Comparative experiments with mainstream algorithms demonstrate the superiority of the proposed method for detecting solar panels and dust. The improved YOLO11-OBB model achieves higher mAP scores compared to Faster R-CNN, SSD, YOLOv5, and YOLOv8, as shown in the table below. Ablation studies confirm that integrating the C2PSA-S and C3K2-T modules enhances performance without significantly increasing computational cost.
| Algorithm | Recall | mAP@0.5 | mAP@0.5:0.95 | Param (M) | GFLOPs |
|---|---|---|---|---|---|
| Faster R-CNN | 0.76 | 0.77 | 0.78 | 370.0 | 220 |
| SSD | 0.73 | 0.76 | 0.72 | 12.3 | 62 |
| YOLOv5s | 0.73 | 0.75 | 0.75 | 7.2 | 17 |
| YOLOv8s | 0.76 | 0.78 | 0.77 | 11.2 | 28 |
| YOLO11s-OBB | 0.80 | 0.82 | 0.79 | 13.5 | 20 |
| Ours | 0.85 | 0.88 | 0.83 | 7.8 | 20 |
For dust detection on solar panels, the method shows improved recall and mAP over alternatives, as illustrated in the following table. The two-stage approach—first detecting photovoltaic strings and then segmenting components—reduces background noise and improves accuracy despite limited dust data.
| Algorithm | Recall | mAP@0.5 | mAP@0.5:0.95 | Param (M) | GFLOPs |
|---|---|---|---|---|---|
| Faster R-CNN | 0.53 | 0.55 | 0.55 | 370.0 | 220 |
| SSD | 0.51 | 0.52 | 0.52 | 12.3 | 62 |
| YOLOv5s | 0.55 | 0.56 | 0.58 | 7.2 | 17 |
| YOLOv8s | 0.56 | 0.58 | 0.58 | 11.2 | 28 |
| YOLO11s-OBB | 0.56 | 0.59 | 0.61 | 13.5 | 20 |
| Ours | 0.62 | 0.65 | 0.63 | 7.8 | 20 |
Thermal spot detection on solar panels, which correlates with dust-induced hotspots, also benefits from the proposed enhancements. The table below compares thermal detection performance, where the improved YOLO11-OBB model achieves higher recall and mAP, facilitating accurate severity assessment based on temperature.
| Algorithm | Recall | mAP@0.5 | mAP@0.5:0.95 | Param (M) | GFLOPs |
|---|---|---|---|---|---|
| Faster R-CNN | 0.64 | 0.61 | 0.59 | 370.0 | 220 |
| SSD | 0.55 | 0.57 | 0.53 | 12.3 | 62 |
| YOLOv5s | 0.66 | 0.62 | 0.57 | 7.2 | 17 |
| YOLOv8s | 0.65 | 0.67 | 0.62 | 11.2 | 28 |
| YOLO11s-OBB | 0.66 | 0.69 | 0.64 | 13.5 | 20 |
| Ours | 0.73 | 0.75 | 0.71 | 7.8 | 20 |
Ablation studies further validate the contributions of individual components. The table below shows that integrating the C2PSA-S and C3K2-T modules into YOLO11s-OBB progressively improves recall and mAP, with the full model achieving a 7.3% increase in mAP@0.5 over the baseline.
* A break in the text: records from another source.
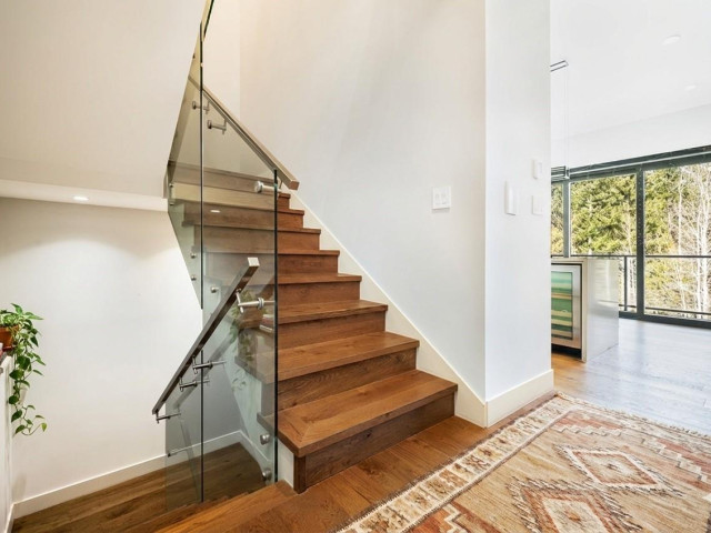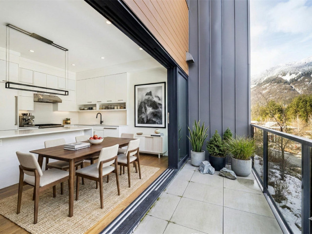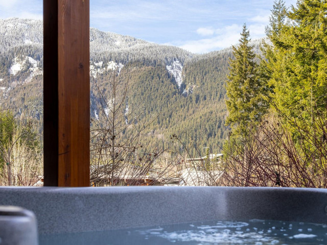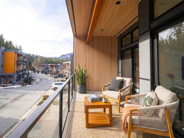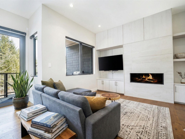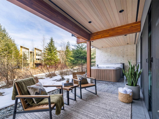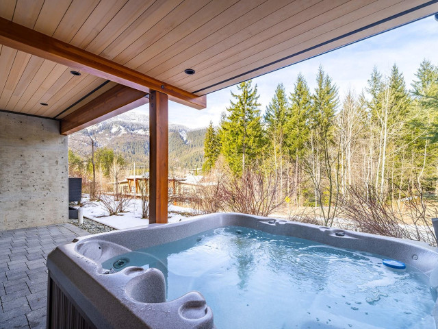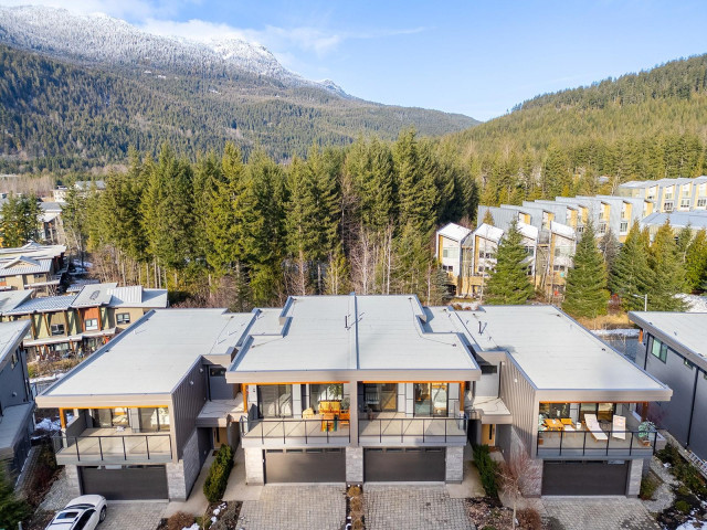 Beautiful contemporary townhouse in the sought-after Basalt development at Cheakamus Crossing. This 4-bedroom/Flex/Media room, 3.5 bathroom home offers radiant in-floor heating throughout, wide plank oak flooring, high ceilings and abundant natural light. The open concept living space features a gourmet kitchen with Sub-Zero fridge, Wolf range, wine fridge and quartz waterfall countertops, flowing into a cozy living area with gas fireplace. Enjoy mountain living with a private hot tub deck, spa-inspired primary suite with a walk-in closet and ensuite, plus a large lower flex/media room or bedroom with a steam shower. Double car garage with built-in storage. Steps to trails and minutes to Whistler Village. **Some photos have been staged with AI due to the tenancy in place.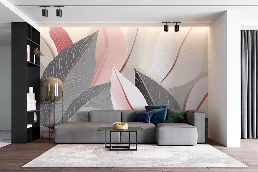 duże tropikalne liście imitujące płaskorzeźbę i panele w jasnych kolorach
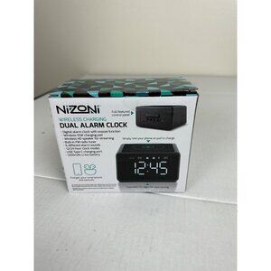 Nizoni Wireless Charging Dual Alarm Clock, USB Type C Charging Port OS Black Ne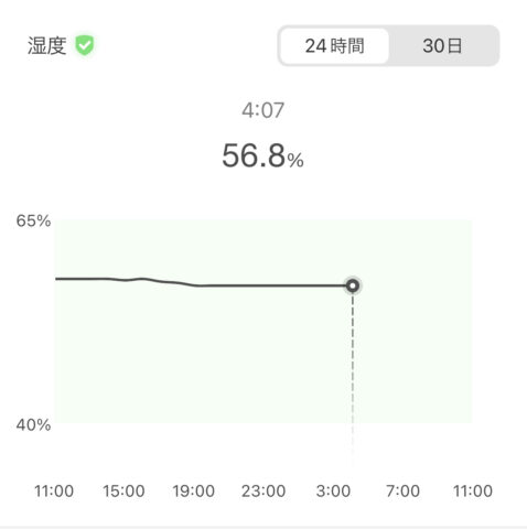 比べていただくと、部屋の湿度は67%から73%まで大きく変化しているのに、ギターケース内部は57%付近でほぼ一定なのがわかるかと思います。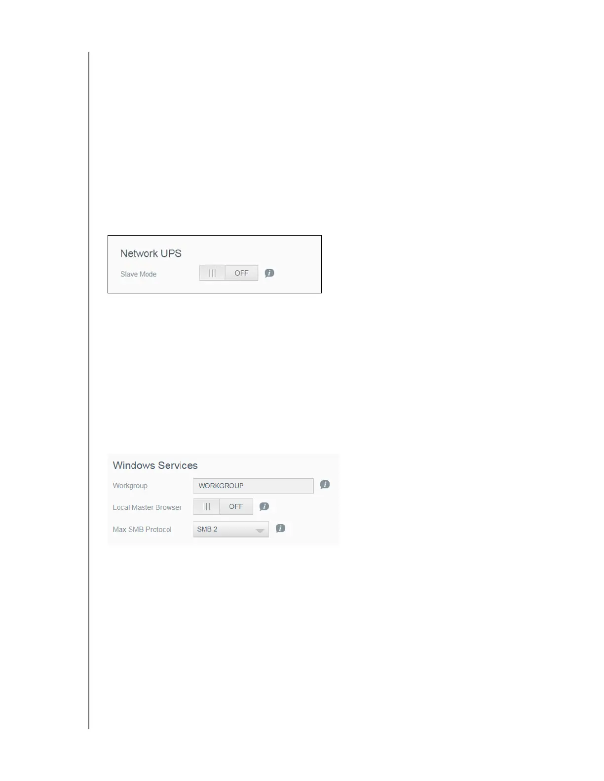 The Windows Services section of the Network screen allows you to configure Window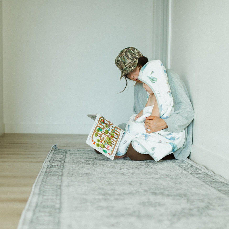 Splash into bath time with a plush and absorbent hooded towel. Featuring a cozy hood and pockets for little hands, the hooded towel is crafted with printed muslin on the outside and ultra-soft terry cloth on the inside.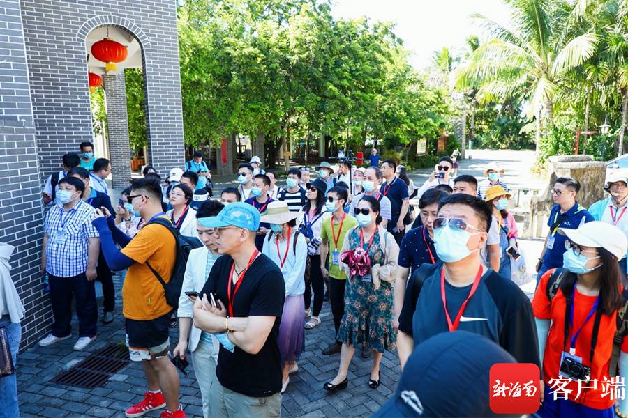 7月26日上午,抗疫英雄和记者编辑们参观琼海博鳌南强村。记者 李昊 摄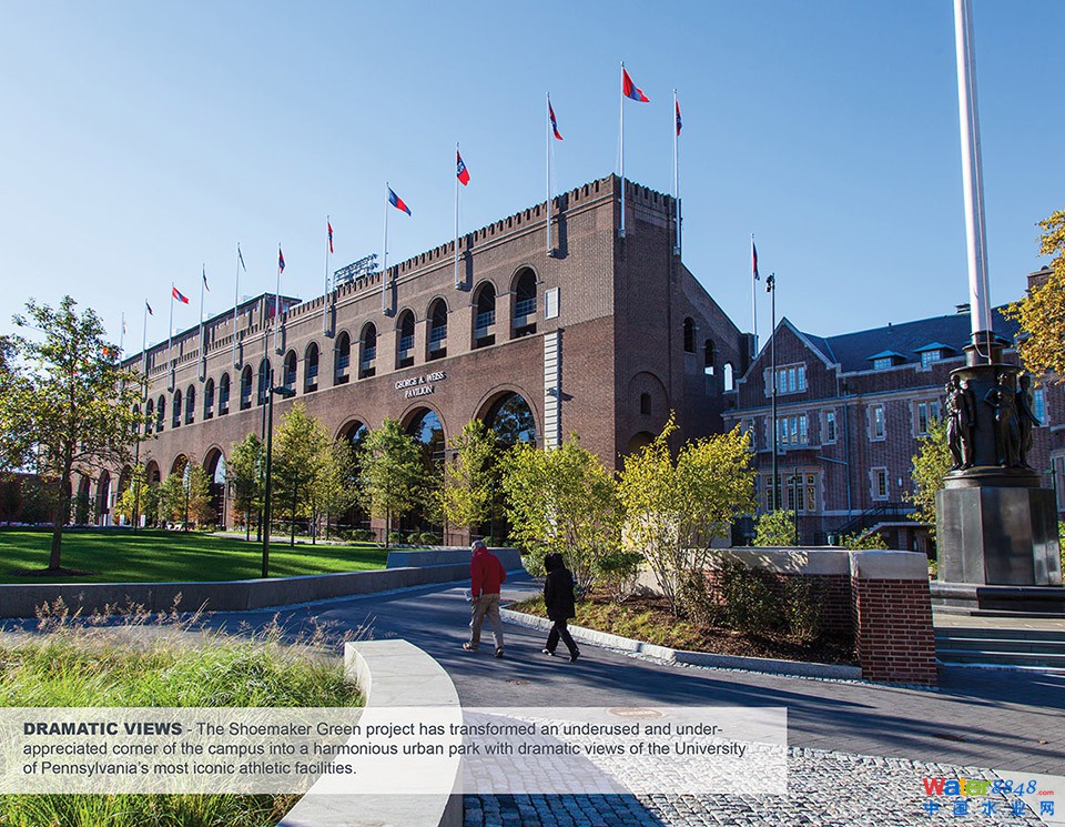 休梅克綠地項目將校園內(nèi)一處未得到充分利用的荒廢角落改造成和諧嫻靜的都市公園,在賓夕法尼亞大學(xué)最具標(biāo)志性的運動設(shè)施襯托下形成了優(yōu)美的景致。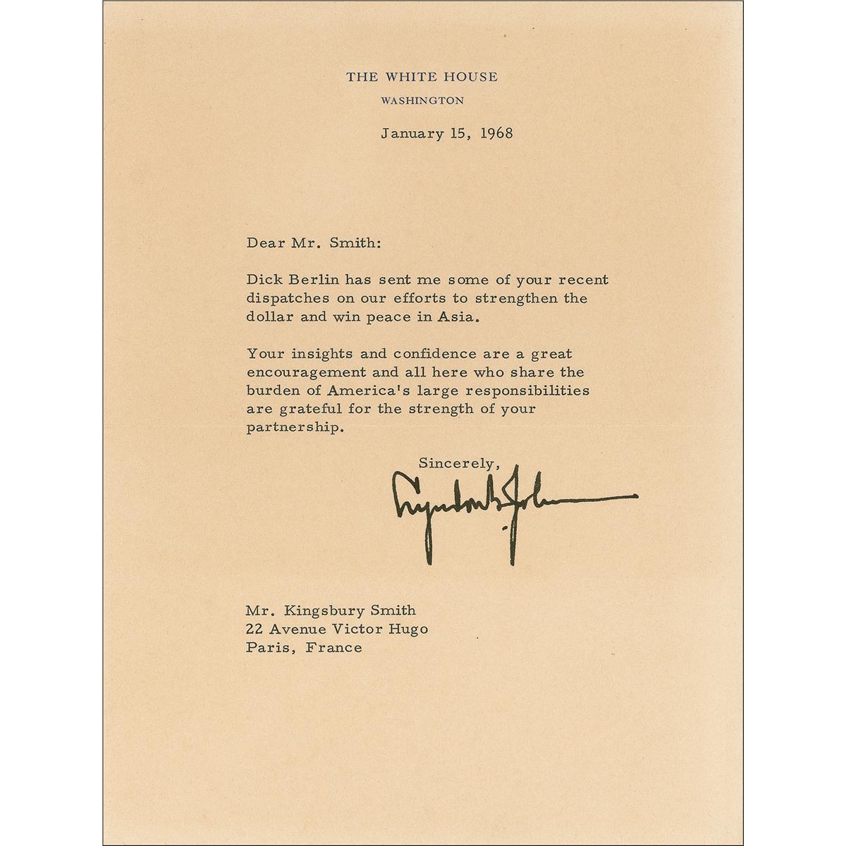 TLS as president, one page, 6.75 x 9, White House letterhead, January 15, 1968. Letter to Kingsbury Smith in Paris. In full: “Dick Berlin has sent me some of your recent dispatches on our efforts to strengthen the dollar and win peace in Asia. Your insights and confidence are a great encouragement and all here who share the burden of America’s large responsibilities are grateful for the strength of your partnership.” In fine condition, with uniform overall toning.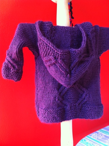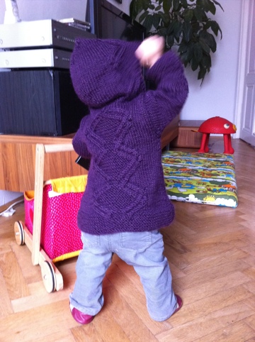 Nachdem aus dem letzten Mantel ein Pulli gemacht wurde, weil er als Mantel fast zu klein war, hab ich aus pflaumenfarbener Wolle von Drops – Silke Alpaka (80% Babyalpaka, 20% Seide) – noch einen Mantel gestrickt. Als Verschluss habe ich einen Reißverschluss eingenäht.
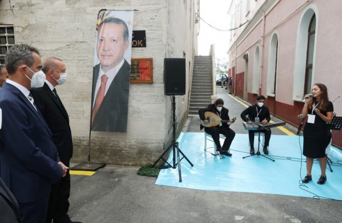Cumhurbaşkanı Recep Tayyip Erdoğan Sultanahmet Mesleki ve Teknik Anadolu Lisesinde düzenlenen 2021-2022 Eğitim Öğretim Yılı Açılış Programı'na katıldı. Törende konuşan Erdoğan 2021-2022 yılının öğrenci ve öğretmenler için hayırlı olmasını diledi.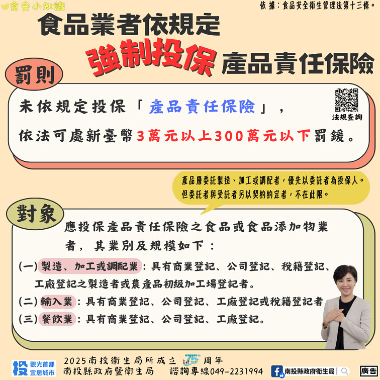 【記者 謝雅情/南投 報導】去年寶林茶室案就因保險失效,讓受害者求償無門,使食品業者投保產品責任險議題成為大眾關注的焦點。南投縣政府衛生局提醒食品業者,應依據「食品安全衛生管理法」第13條投保產品責任保險,未投保者依食安法第47條規定,可處新臺幣3萬元至300萬元罰鍰,情節重大者,並得命其歇業、停業一定期間。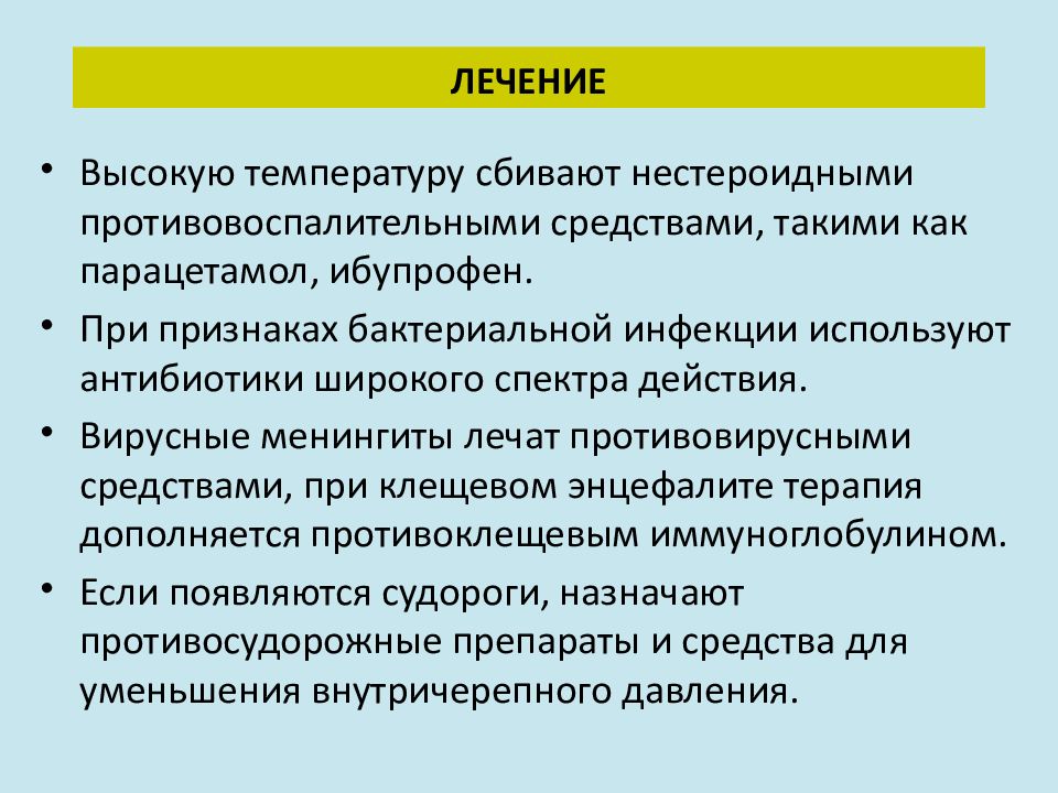 Высокую температуру сбивают нестероидными противовоспалительными средствами, такими как парацетамол, ибупрофен. При признаках бактериальной инфекции используют антибиотики широкого спектра действия. Вирусные менингиты лечат противовирусными средствами, при клещевом энцефалите терапия дополняется противоклещевым иммуноглобулином. Если появляются судороги, назначают противосудорожные препараты и средства для уменьшения внутричерепного давления.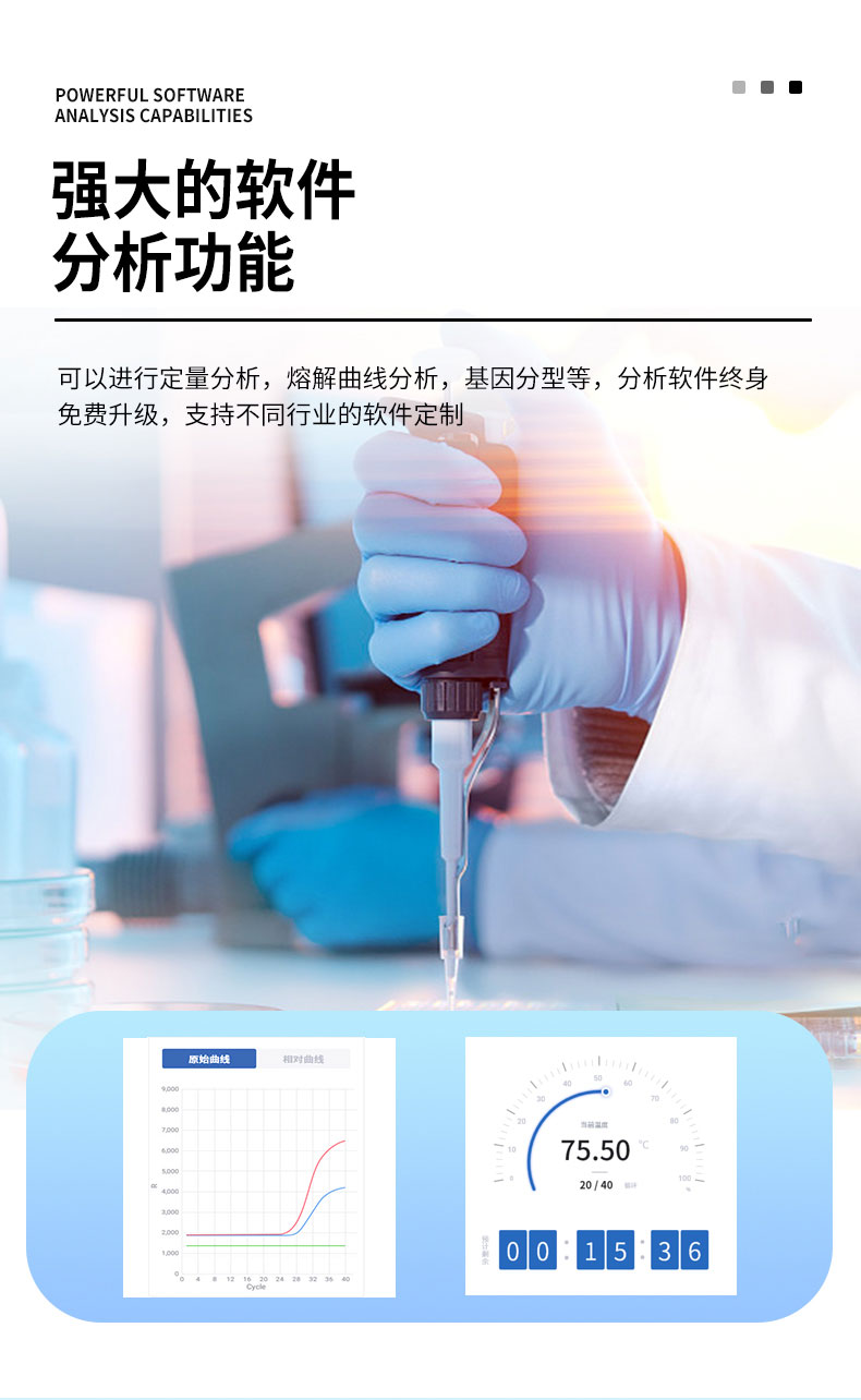 8、强大的软件分析功能,可以进行定量分析,熔解曲线分析,基因分型等,分析软件终身免费升级,支持不同行业的软件定制;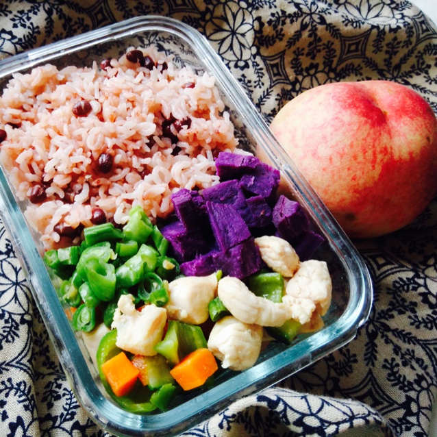 红豆焖米饭,炒豆角,什锦鸡丁,蒸紫薯,桃子。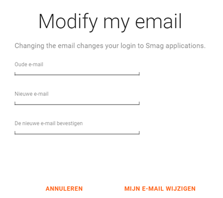 Je kunt het e-mailadres van je SMAG account wijzigen, waardoor je login voor al je SMAG applicaties verandert.
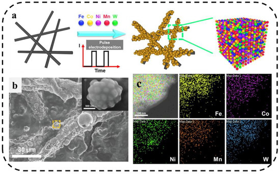Due to the transient high current density, pulsed electrolysis can increase the cathodic overpotential at the same current density (compared with direct current (DC)). Lu et al. [91] developed a pulsed current electrodeposition method to grow a FeCoNiMnW HEA(H-FeCoNiMnW) on the surface of carbon paper. As shown in Figure 12a–c, the morphological characterization shows that the material is spherical and has a uniform distribution of various elements, which can be used as an efficient and stable bifunctional electrocatalyst for HER and OER in acidic media.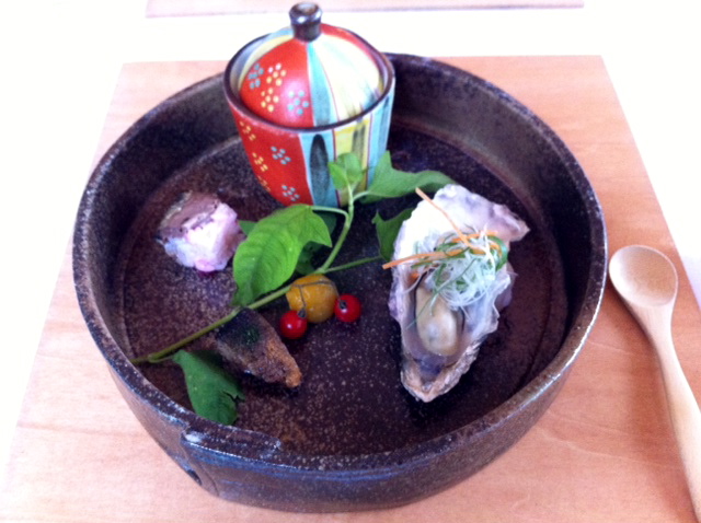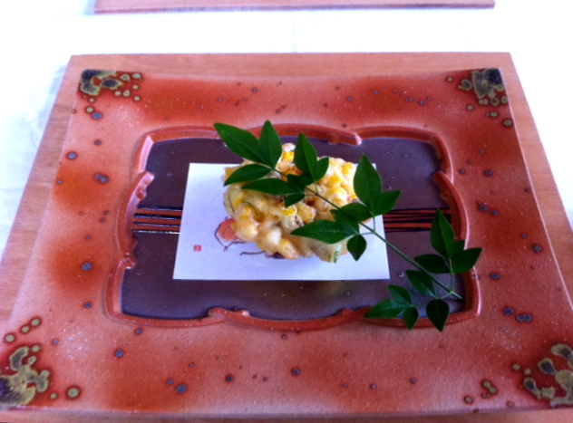 先付 唐黍と穴子の掻き揚げ、 紫蘇の香り

| Method | C2PSA-S | C3K2-T | Recall | mAP@0.5 | Param (M) | GFLOPs |
|---|---|---|---|---|---|---|
| YOLO11s-OBB | 0.80 | 0.82 | 13.5 | 20 | ||
| ① | √ | 0.81 | 0.83 | 15.5 | 22 | |
| ② | √ | 0.83 | 0.85 | 13.5 | 20 | |
| ③ | √ | √ | 0.85 | 0.88 | 15.0 | 21 |
In comprehensive testing on 1,000 real-world images of solar panels, the method demonstrates high accuracy and robustness. The histogram-based dust assessment reliably computes coverage ratios, with results showing clear separation between dusty and clean regions. For instance, in sample outputs, dust coverage percentages are accurately predicted, such as 31.30% or 16.86%, based on the binarization and histogram analysis. The integration of thermal data allows for practical severity grading, enabling prioritized cleaning schedules for solar panels with severe dust accumulation.
In conclusion, this research presents an effective solution for dust detection on solar panels by combining YOLO11 deep learning with traditional image processing and dual-light analysis. The method overcomes the limitations of existing approaches, achieving high precision and adaptability in complex environments. Future work will focus on enhancing model generalization and exploring dynamic monitoring systems for automated cleaning of solar panels, thereby supporting the sustainable operation of photovoltaic power stations.